Then I wrangled this new data frame to exclude unnecessary rows from the data.

#Create a new dataframe which filters out NA values from  National_Parks column
filtered_parks <- dplyr::filter(National_parks, National_Parks %in% c(
  "Gunung Leuser", "Bukit Barisan Selatan", "Kerinci Seblat"))

Data wrangling the raw data from Matt Luskin

To use the raw data from Luskin et al.(2017), I first needed to remove irrelevant columns from the dataframe.

#Remove column "SurveyID", "Side" and "StationID"
tiger_capture_tidy <- subset(tiger_capture_data,
                             select = -c(SurveyID, StationID, Side))

I then needed to detangle the date and time from the Date.Time column.

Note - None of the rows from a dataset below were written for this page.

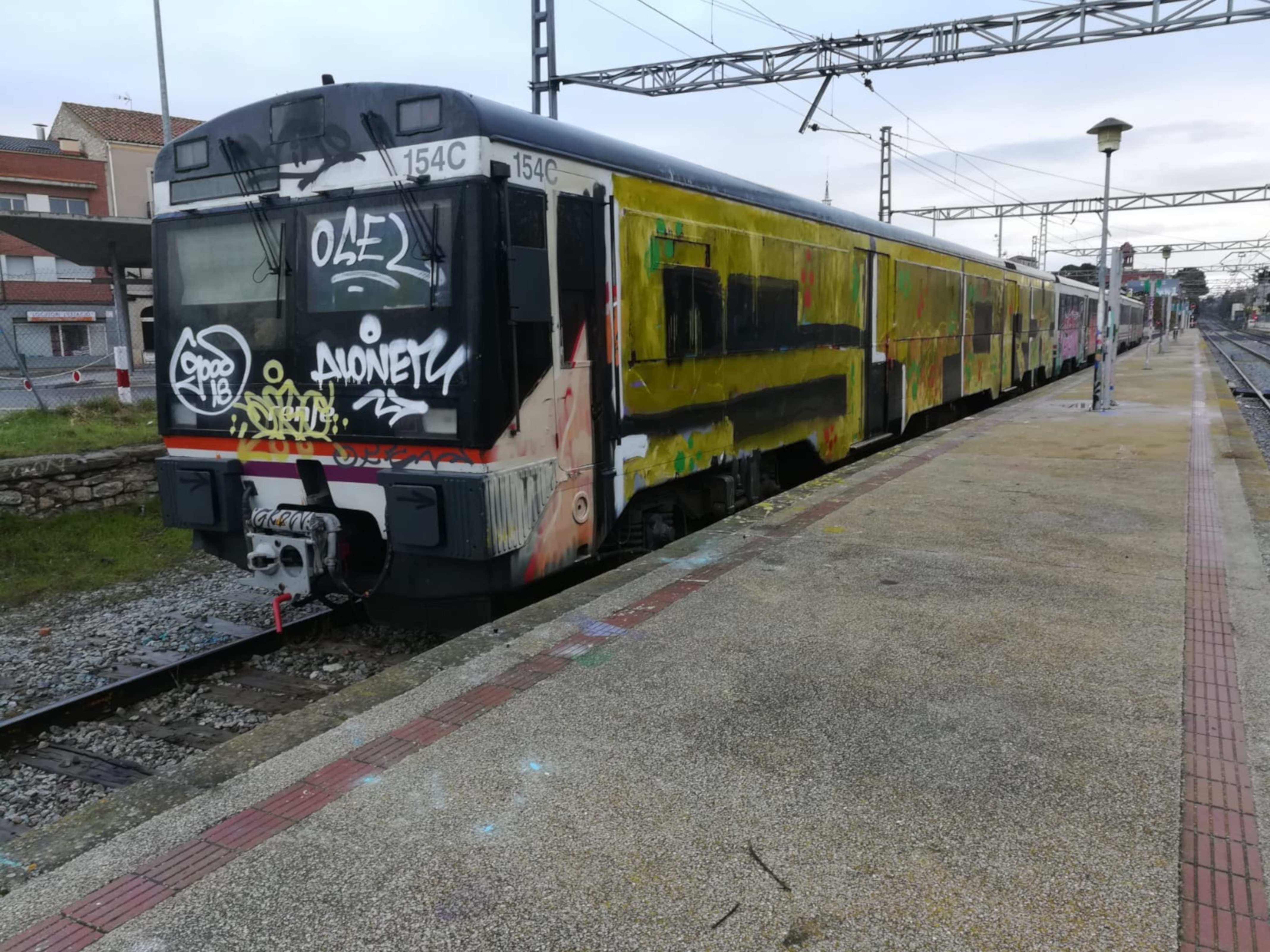 Tren pintat completament pels grafiters a l’estació de Cervera. Imatge del 25 de novembre del 2018. (Horitzontal)
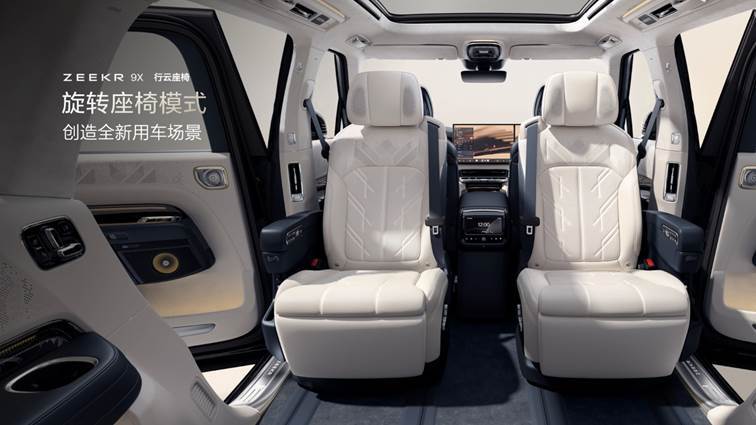 在享受舒适与健康的同时,行云座椅还支持旋转座椅模式,让极氪9X的座舱空间化身移动会客厅,营造豪华隐私空间,商务洽谈更从容。自驾出游时,极氪9X还可以变成全家人的欢聚空间,可坐可躺可旋转,撑腰按摩无短板,全家共享惬意旅途,安享每一个幸福瞬间。
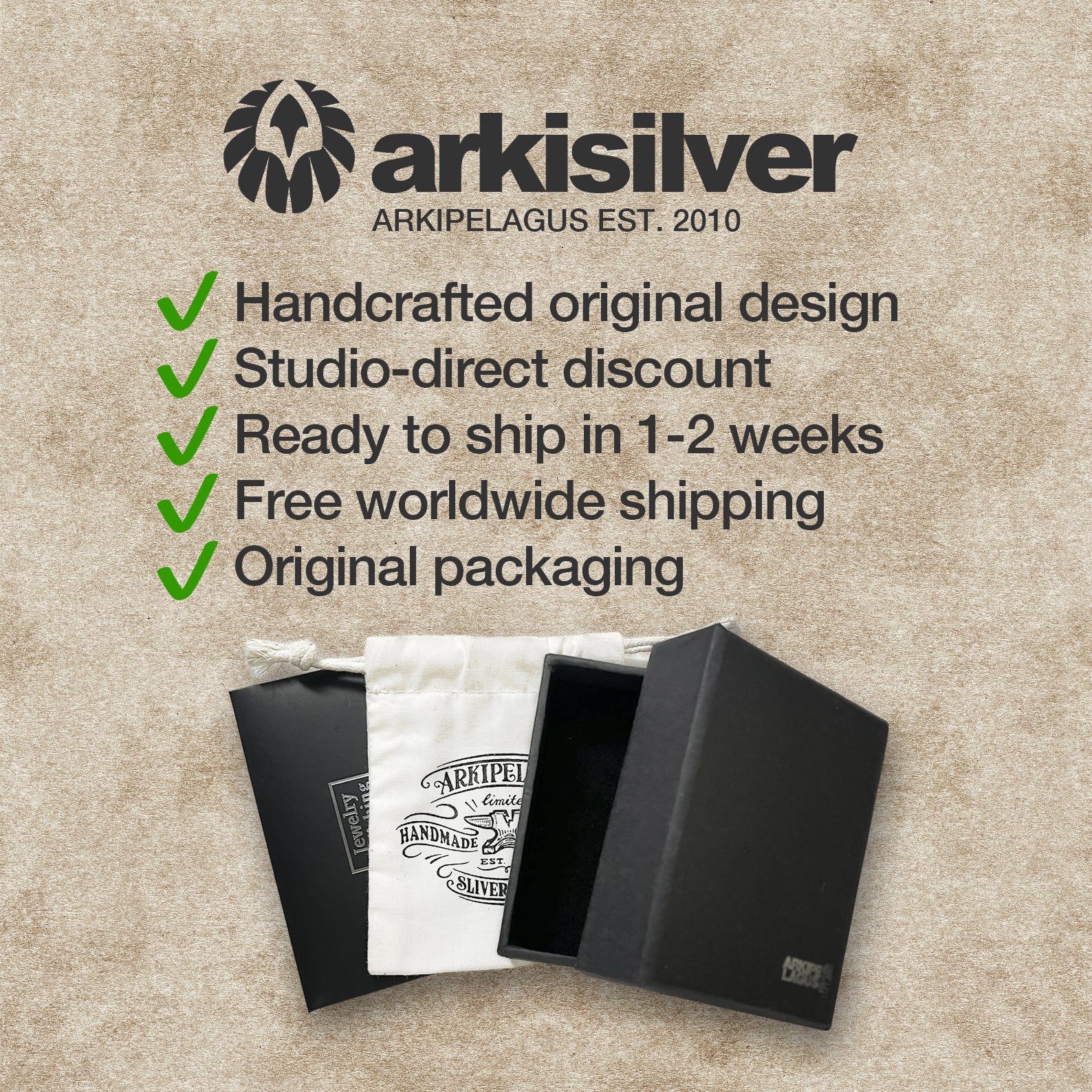 ARKI Silver (Arkipelagus) - based in Hong Kong. Even when sold through white-label studios or resellers in the US, all ARKI jewelry is still made exclusively at the original studio. These resellers typically need 2–3 weeks just to prepare for shipping, as they must first receive the item from ARKI before forwarding it to buyers — unless they have in-stock items on hand.

#create a new column extracting only the date  from the Date.Time column
#Keep only the month and year values
#use MUTATE to rename the column name
tiger_capture_tidy_date <- tiger_capture_tidy %>%  
  mutate(date= str_sub(tiger_capture_tidy$Date.Time, start=1, end=7))
 
#Now remove the original Date.Time column leaving just the new "date" column
tiger_capture_tidy_date <- subset(tiger_capture_tidy_date,
                                  select = -c(Date.Time))

Finally, I needed a column containing information about which national park each tiger had been sighted in, but this data was linked to the AnimalID column, despite there already being an IndividualCode column with each animal ID in it.

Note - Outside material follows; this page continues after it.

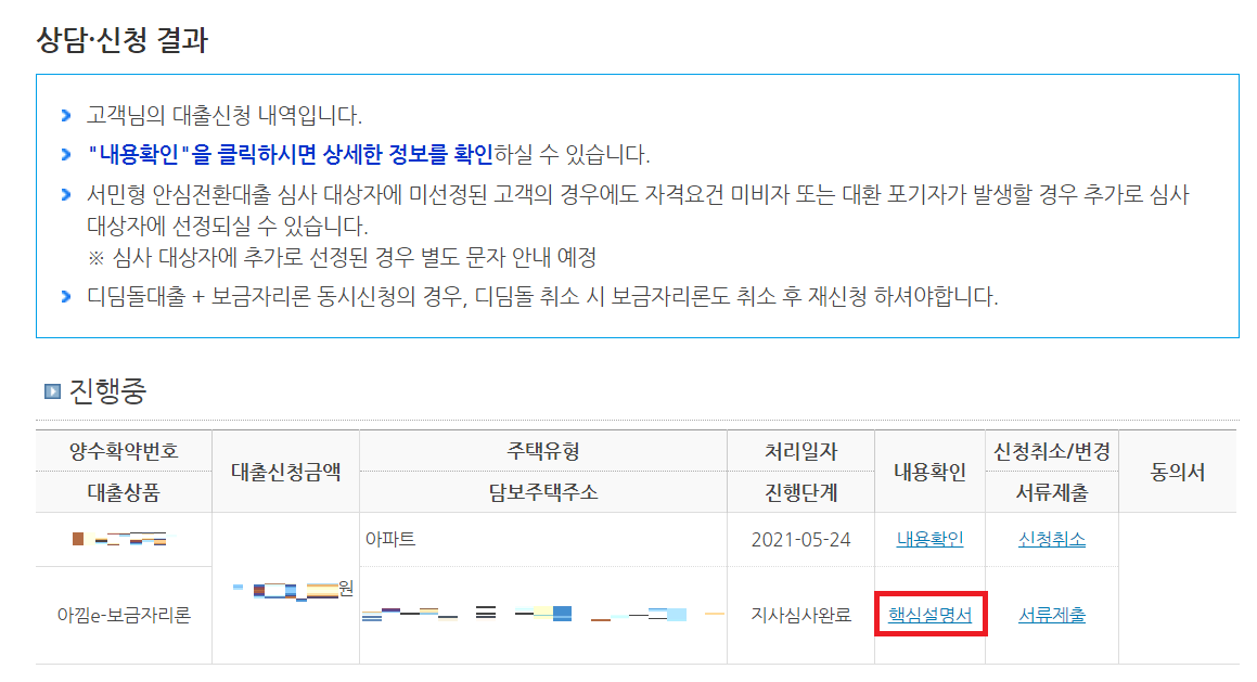 필자의 경우 심사 결과 다음과 같이 "지사심사완료"라고 나왔으며, 승인이 완료되었다. 이제 실제로 대출 실행이 가능한 상태가 된 것이다. 구체적인 내용은 [핵심설명서] 버튼을 눌러 확인 가능하다.

#Extract location from AnimalID column
#Keep location information only
#BBS (Bukit Barisan Selatan), LEU (Gunung Leuser), or KER (Kerinci Seblat)
#Rename the column to national-park
tiger_map_data <- tiger_capture_tidy_date %>%
  mutate(national_park= str_sub(
    tiger_capture_tidy_date$AnimalID, start=1, end=3))
 
#Remove the AnimalID column from the dataset
tiger_map_data <- subset(tiger_map_data, select = -c(AnimalID))

Colour Schemes

An important part of data visualisation is coherence, so I used RColBrewer to create both green and orange palettes which I could use throughout the project to create a sense of completeness, and a consistent theme across the visualisations.

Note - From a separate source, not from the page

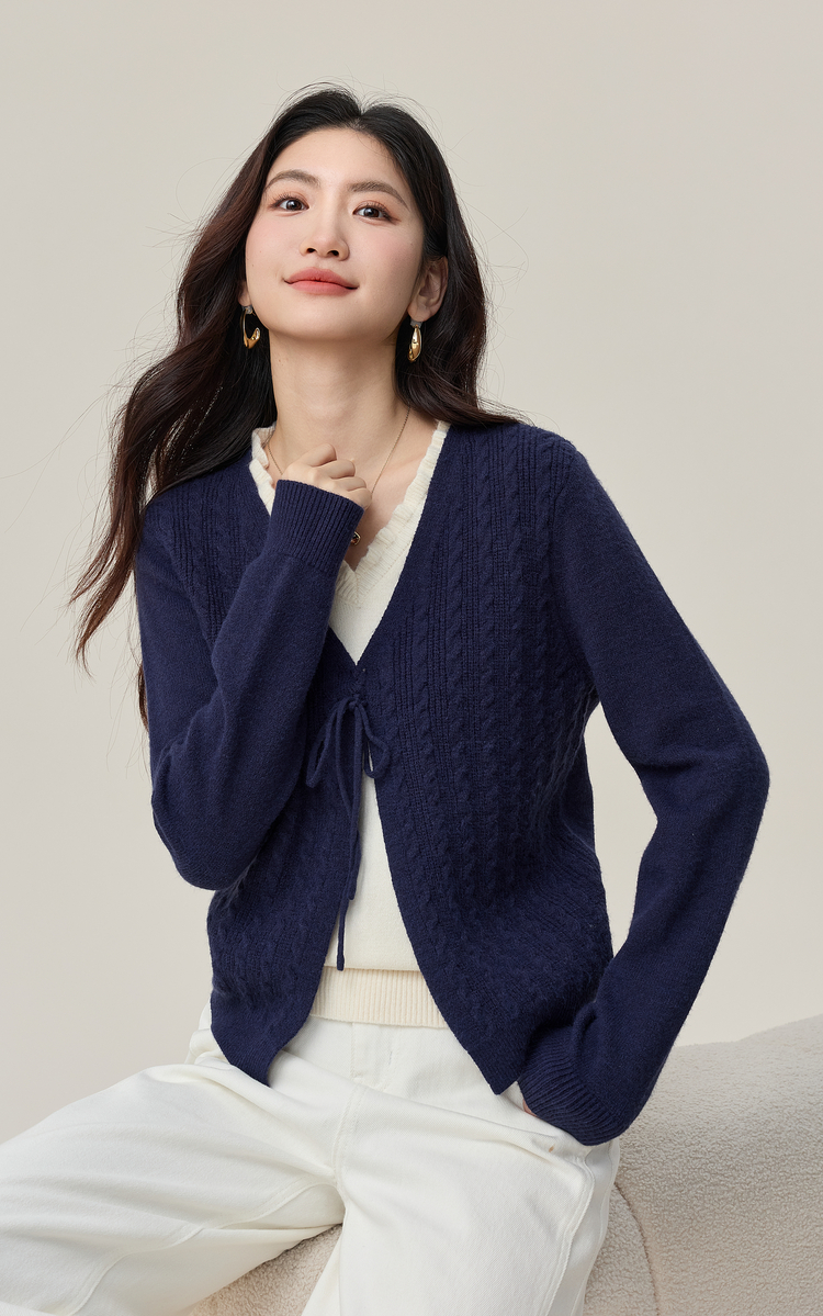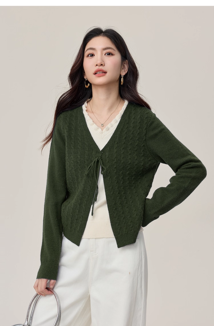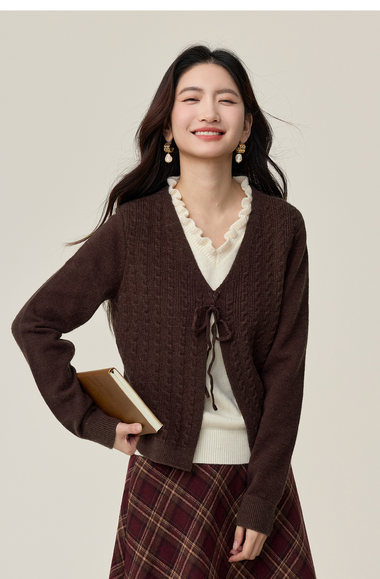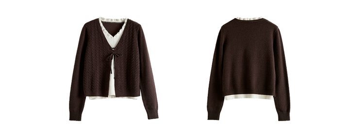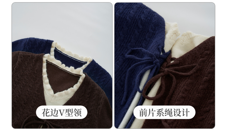 【年货节】熙世界复古假两件绞花长袖毛衣女2025秋冬新款撞色花边V领针织衫

#Create an RColBrewer palette to use for the national parks on the map
#Needs to contain different green hues to differentiate each national park
#Green was selected to reflect the natural colours of national parks
 
map_palette <- brewer.pal(n=3, "Greens")
#Select a green palette from RColBrewer
#n is the number of colors needed in the palette
 
map_palette #Shows the names of the three green hues to manually add to the map
## [1] "#E5F5E0" "#A1D99B" "#31A354"
#Create an orange palette to use on all graphs and as the basecolor of the map
#Orange was selected to incorporate an overall tiger theme
#Create a RColBrewer palette to use for the graphs with different hues
graph_palette <- brewer.pal(n=3, "Oranges")
#Select orange palette from RColBrewer
#n is the number of colors needed in the map
graph_palette
## [1] "#FEE6CE" "#FDAE6B" "#E6550D"

Map Of Indonesia

#Plot a basic map of Indonesia with province borders outlined
 
map <- tm_shape(IDN_shapefile) + #maps the outline of the shapefile
  tm_polygons() +
  tm_shape(IDN_provinces) + # overlays the provinces dataframe
  tm_polygons("#FDAE6B", alpha = 0.9) +
  #color the map in line with a tiger theme, alpha adjusts transparency
  tm_borders("#A1D99B") + #Add a border to each province
  tm_layout(main.title = "Map of Indonesia", #Add the main title above the map
            fontface = "italic", #Italicize the text
            fontfamily = "serif") #Change font for text
print(map)

#save map
tmap_save(
  map, filename =
    "C:\\Users\\jadeh\\OneDrive\\Documents\\Coding Project\\Tmap Figures\\Indonesia.png")

This map is included to demonstrate the size of Indonesia, to contextualise how confined the tigers are in the following Visualisations.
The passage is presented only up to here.